Photo d'illustration. Au Kenya, une manifestation pour réclamer le retour de Kenyans, enrôlés par la Russie dans sa guerre contre l'Ukraine. © Simon Maina, AFP
C'est une image rare. Un responsable africain en visite à Kiev. De passage dans la capitale ukrainienne au lendemain du quatrième anniversaire de l'invasion russe à grande échelle, le chef de la diplomatie du Ghana, Samuel Okudzeto Ablakwa, a appelé les Ukrainiens à libérer deux prisonniers de guerre ghanéens.
Ces derniers ont combattu contre les forces ukrainiennes dans les rangs de l'armée russe. Samuel Okudzeto Ablakwa a dit espérer que le président ukrainien, Volodymyr Zelensky, ferait preuve de "magnanimité et de compassion, et qu'il les libèrera (...) afin que nous puissions rentrer au Ghana avec ces deux Ghanéens".

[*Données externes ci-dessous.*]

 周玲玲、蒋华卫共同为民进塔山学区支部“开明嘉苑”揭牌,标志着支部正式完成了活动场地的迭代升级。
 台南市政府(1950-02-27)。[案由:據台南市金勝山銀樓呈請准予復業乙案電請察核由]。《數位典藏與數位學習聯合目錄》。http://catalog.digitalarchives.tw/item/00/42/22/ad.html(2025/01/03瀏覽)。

À ses côtés, son homologue ukrainien Andriï Sybiga a affirmé que plus de 1 780 Africains - ressortissants de 36 pays du continent - combattent contre l'Ukraine au sein des troupes russes. Il a accusé Moscou d'attirer ces hommes dans l'armée en les trompant et exhorté Accra à renforcer des mesures pour empêcher le recrutement d'Africains par la Russie.

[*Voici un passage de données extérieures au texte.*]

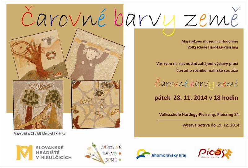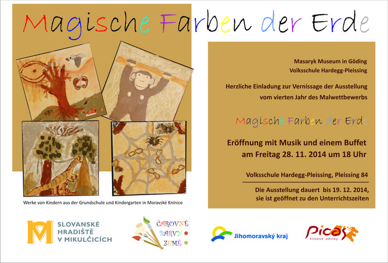 Od 28. listopadu 2014 se v prostorách Základní školy Hardegg Pleissing uskuteční výstava výtvarných prací Čarovné barvy země. Slavnostní zahájení výstavy se uskuteční dne 28. 11. 2014 v 18 hodin. Vítězné práce spolu s dalšími soutěžními obrázky si budou moci návštěvníci prohlédnout do 19. prosince 2014.

"Les Russes entraînent les Ghanéens vers une mort certaine", a assuré Andriï Sybiga.
"Victimes de manipulation et de désinformation"

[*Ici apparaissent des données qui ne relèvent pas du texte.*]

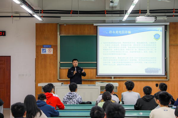 首先,陈警官引出电信诈骗的定义,大致介绍了刷单诈骗、冒充公检法诈骗、买卖游戏装备诈骗、网络贷款诈骗、裸聊诈骗等新型诈骗。他针对其中的网络诈骗、信用卡贷款诈骗等进行了深层剖析,指出相关诈骗行为越来越贴近大学生的生活层面。诈骗人通过一个个诱导陷阱,一步步夺取大学生的信任,最终实施诈骗。对此,陈警官希望同学们能提高警惕,警钟长鸣,时刻关注自己的财产安全。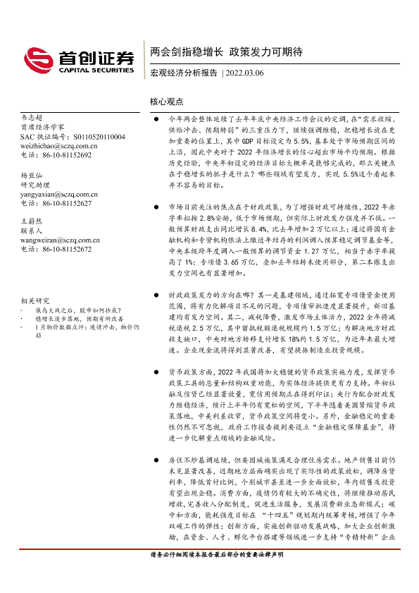 【首创证券】【20220306】宏观经济分析报告:两会剑指稳增长,政策发力可期待-18页

Son homologue ghanéen a assuré que les Africains rejoignant l'armée russe n'étaient "pas mandatés par les gouvernements africains".
Les Ghanéens partis à la guerre "sont victimes de manipulation, de désinformation" de la part "de réseaux criminels de trafiquants" qui leur promettent "un travail décent" en Russie, a-t-il assuré. "Ils n'ont aucun passé dans la sécurité, aucun passé militaire. Ils n'ont pas été formés et ils ont simplement été attirés, puis trompés et envoyés en première ligne sur le champ de bataille."
Il a remercié l'Ukraine pour son "respect du droit international" dans le traitement des prisonniers de guerre ghanéens.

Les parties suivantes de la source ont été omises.